Problem requirements.
When you copy from the entries that follow, take only the lines from the one with "Praha, Prag; Repraesentationshaus" down to the one with "Ninja sada plast", keeping both ends and dropping every picture.

Records provided.
_ _ _ _

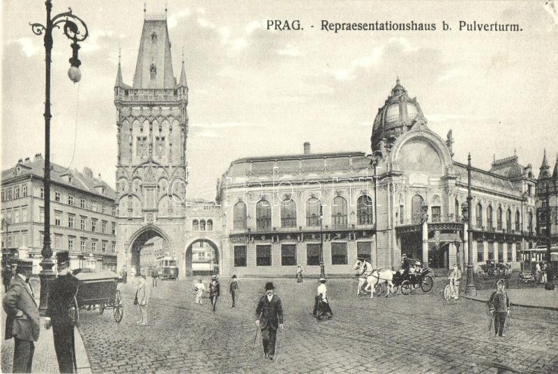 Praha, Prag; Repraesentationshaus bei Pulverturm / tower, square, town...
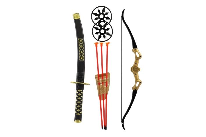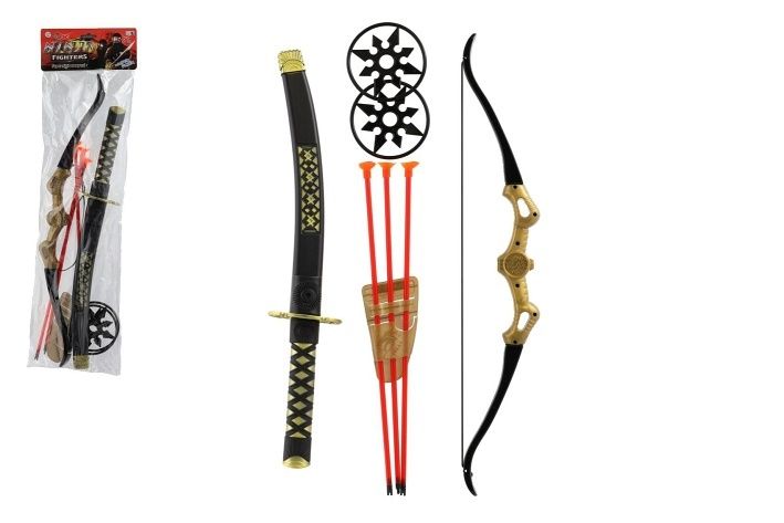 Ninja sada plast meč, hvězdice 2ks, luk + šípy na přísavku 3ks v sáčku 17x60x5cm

_ _ _ _

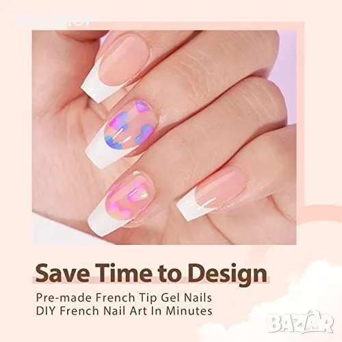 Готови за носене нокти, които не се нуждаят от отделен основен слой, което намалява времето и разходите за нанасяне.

_ _ _ _

Completed exercise.
 Praha, Prag; Repraesentationshaus bei Pulverturm / tower, square, town...
 Ninja sada plast meč, hvězdice 2ks, luk + šípy na přísavku 3ks v sáčku 17x60x5cm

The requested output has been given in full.